▸ **INFORMATION SHOWN**
|---|
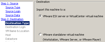 Importazione di virtual machine con Vmware Converter
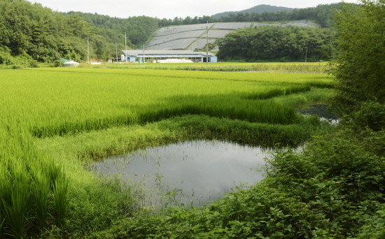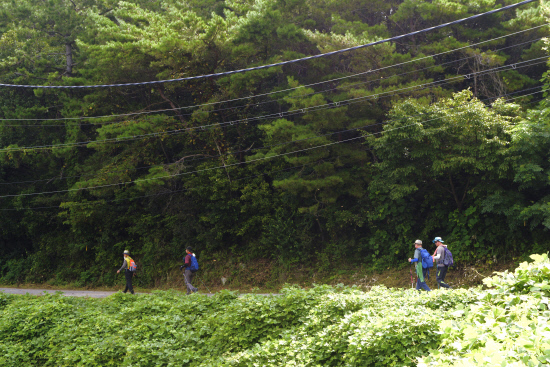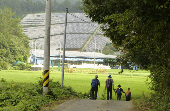 해안가를 따라가다 산으로 올라간다. 이때부터 바래길은 장포항까지 약 4㎞까지 산길이다. 둠벙이 발달한 벼논 들녘 너머 산 사면에 나무들 대신 태양광패널이 들어차 있다. 친환경 전기를 생산하기 위해 산의 상당부분 수목을 베어내고 태양광패널을 설치한 것이 환경을 보호하는 것인지, 자연을 훼손하는 일인지는 아직 논란이 많다. 다만 나무를 자르고 민둥산을 만든 뒤 구조물을 설치한 것은 미관상 좋게 보이지는 않는다.
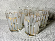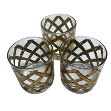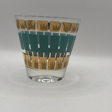 Vintage MCM Culver Double Old Fashioned Glasses Set Of 2 22 K Gold And Green
|---|
▸ **WHAT TO PRODUCE**
Only the pictures are dropped. Otherwise, write out the listing exactly.

▸ **RESULT OF THE TASK**
 Importazione di virtual machine con Vmware Converter
 해안가를 따라가다 산으로 올라간다. 이때부터 바래길은 장포항까지 약 4㎞까지 산길이다. 둠벙이 발달한 벼논 들녘 너머 산 사면에 나무들 대신 태양광패널이 들어차 있다. 친환경 전기를 생산하기 위해 산의 상당부분 수목을 베어내고 태양광패널을 설치한 것이 환경을 보호하는 것인지, 자연을 훼손하는 일인지는 아직 논란이 많다. 다만 나무를 자르고 민둥산을 만든 뒤 구조물을 설치한 것은 미관상 좋게 보이지는 않는다.
 Vintage MCM Culver Double Old Fashioned Glasses Set Of 2 22 K Gold And Green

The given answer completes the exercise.